— Она у нас стыдящихся не одобряет, — с своей стороны пояснил Иван Михайлыч.
— Не одобряете? но что же делать, если результат всей жизни выражается словами: довольно жить? — возразил я.
— Она таких результатов не признает. Не понимает, что для нас, старых надеждоносцев… если мы и к таким результатам приходим… и то уж заслуга… ха-ха!
Старик захохотал таким горьким и продолжительным хохотом, что Юлия Петровна встревожилась.
— Дедушка! оставьте этот разговор! он вас волнует! — обратилась она к нему.
— Мудрая, а не в силах понять, что у нас другого разговора не может быть! Ты говоришь: волнует, а я, напротив, утверждаю: развлекает, позволяет занимательно провести время… так ли, сосед?
— Не знаю, право…
— Нет, наверное. Вот, например, я говорю: как начиналось — и чем кончилось! Восклицание, кажется, не особенно мудрое, а между тем оно облегчает меня! И я очень рад, что есть человек, который меня поймет и вместе со мной постыдится… Так ведь?
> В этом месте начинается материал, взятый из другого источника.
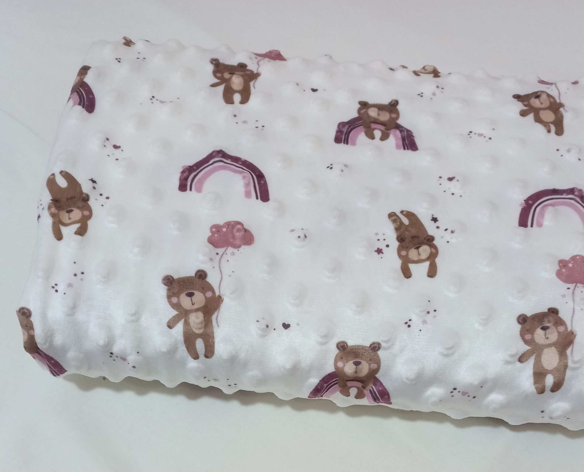 Tecido Minky 100% poliéster com ursinhos,balões e arco-íris em tons de rosa velho em fundo branco muito fofinho com um toque semelhante ao veludo, indicado para bebés, confeção de mantas, capa de edredons e almofadas

Он взглянул мне в глаза и ласково потрепал рукой по коленке.
— Если бы я молчал — эта мысль глодала бы мои внутренности, шла бы за мной по пятам. А теперь, сделавши из нее составную часть causerie de société, я все равно что отнял у нее всякое значение. Оттого-то я и повторяю: как начиналось и чем кончилось… ха-ха!
— Да начиналось ли?
— То-то вот… Она, впрочем, умная-то моя, не сомневается. Не только «начиналось», а началось, говорит, и не вчера, а от начала веков. И придет, несомненно придет! Юля! ведь так?
— Так, дедушка, придет.
— Она и на нас, стыдящихся, как-то особенно смотрит. Нечто в роде Закхеевой смоковницы в нас видит… ха-ха!
— Дедушка! я никого не осуждаю! Я говорю только…
— Что нужно верить?
— Нужно, дедушка.
— И что есть люди, которые не падают духом?
— Есть.
— Аминь!
— Аминь, — повторила Юлия Петровна.
Все умолкли, а старик понурил голову, словно задремал. Через минуту, однако ж, он вновь встрепенулся и взглянул в окно. Небо было ясно, и на краю небосклона разливался тихий свет вечерней зари.
— Сколько раз, в былые времена, — словно про себя прошептал Иван Михайлыч, — я провожал глазами эту зарю и говорил себе: завтра я опять увижу ее там, на востоке.
— А теперь?
— А теперь говорю: сейчас она потухнет, и затем начнется ночь…
— Дедушка!
— Да, ночь… и навсегда! Ни надежд, ни «нас возвышающих обманов»… ничего, кроме ночи!
— Нет, дедушка, этого не будет!
Я оглянулся и умилился. Глаза Юленьки горели, лицо ее было все как в лучах; даже в голосе слышались мощные, звонкие ноты.
— Заря опять придет, — продолжала она, — и не только заря, но и солнце!
Старик махнул рукой вместо ответа.
— Есть добрые, не падающие духом! есть! И они увидят солнце, увидят, увидят, увидят! — повторила она.
Иван Михайлыч быстро повернулся и протянул мне руки.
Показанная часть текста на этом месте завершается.